Makan apa kita siang ini, hmmm ini sementara jadi pertanyaan penting. Dua hari sudah ada di Jayapura, atau mungkin karena fokus pekerjaan dan tidak sempat jalan jalan. Ya saya mesti hati hati karena bisa jadi kita masuk ke zona terlarang dalam hal makanan. Jadi saat begini kangen bertemu dengan perempuan berhijab, setidak itu menjadi tanda saya untuk bertanya lagi welcome tuk kami atau tidak. Menu netral, ayam, ikan, telur itu jadi pilihan utama. Saya gunakan kecanggihan pesan antar, go food. Ternyata tidak banyak pilihan. Yang membuat kaget menu mujair bakar itu Rp. 100.000 untuk satu porsinya.... aje gile salah tulis atau benar tidaknya saya ga minat tuk konfirmasi, yang pasti tertulis di sana.. positifnya peluang usaha bagi mereka tuk ternak mujair atau nila tersebut.
Belum ketemu rumah makan khas Sunda, mungkin karena tidak banyak komunitas suku yang dikenal penyuka daun daunan alias lalab dan kerupuk. Kalo ada sepertinya akan menjadi pilihan dan sayur asem akan selalu dipesan, lupakan asam urat dulu. Karena yang penting bisa mengisi kampung tengah tanpa rasa protes. Jayapura itu mungkin sebesar kota Cirebon. Kalo melihat statistik penduduknya ada sekitar 1 juta jiwa. Mall terbesar  yaitu mall Jayapura saya pun hanya melintas di depannya. Mungkin malam minggu bisa menjajaginya, apa yang akan dicari ya pasti semua standar seperti yang kita temui.
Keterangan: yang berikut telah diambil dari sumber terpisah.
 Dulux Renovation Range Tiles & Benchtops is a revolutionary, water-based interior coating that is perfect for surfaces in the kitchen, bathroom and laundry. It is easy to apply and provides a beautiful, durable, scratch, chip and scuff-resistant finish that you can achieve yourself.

Seharian di sekretariat Bidang Akomodasi Panitia setempat, konfirmasi penempatan untuk akomodasi kontingen Jabar. Beberapa kali gagal menemukan sekretariat dimaksud, ke tempat panitia Besar (PB), ternyata di sana sepi. Padahal waktu sudah menunjukan pukul 9 lebih, dan di arahkan tuk langsung ke bidang. Mendatangi alamat yang dimaksud, ternyata sepi padahal ditemukan mobil dan motor terparkir di halaman. Ketemu orang ketika ditanyakan, disampaikan mungkin di kantor sebelah... pindah ke sebelah pintu terkunci dan tetap tidak ada orang. Dan ternyata benar dugaan saya, ini masih pagi dan katanya sebagian ada yang pergi ibadat. Akhirnya kami cari tempat untuk ngopi dan mencari informasi kembali?, ya nongkrong di JCo. Jaminan standar yang membuat hati lebih tenang.
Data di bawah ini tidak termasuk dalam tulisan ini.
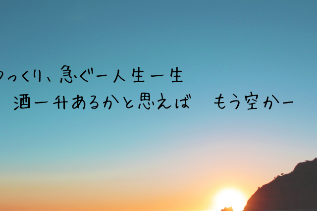 ゆっくり、急ぐ -人生一生 酒一升 あるかと思えば もう空か -

Setelah mendapat kabar orang yang dituju dan kita minta ketemu, supaya tidak nyasar akhirnya kita minta share lokasi alamat yang  akan dituju. Kembali ke standar, ga pakai debat mbah gogel dengan map nya. Setelah mengikuti liku liku yang diarahkan tidak ada tanda tanda. Pakai jurus tanya langsung on the spot, ada orang kita tanya dan sebutkan alamat yang dituju dia jawab tidak tahu. Terima kasih. Maju ke depan lagi, itu mungkin yang ada mobil ber nopol merah. Kita tanya ulang, dan kaget kalo dia bilang salah mas itu bukan alamat yang dituju. Heran campur aduk, setelah jauh dari orang yang ditanya. Kita cercar yang navigator pegang map, masa salah mbah gogel. Diputuskan tanya kembali ke orang yang mau dituju, kok tidak ada alamat yang dimaksud. Akhirnya dia kirim sharelok baru dan memang jauh beda. Kenapa tadi terima sharelok pertama kok meleset. Ohhh mungkin saat ditanya  dan diminta share lok pertama, orang tersebut sedang di luar... Sabar dan ga usah dibahas.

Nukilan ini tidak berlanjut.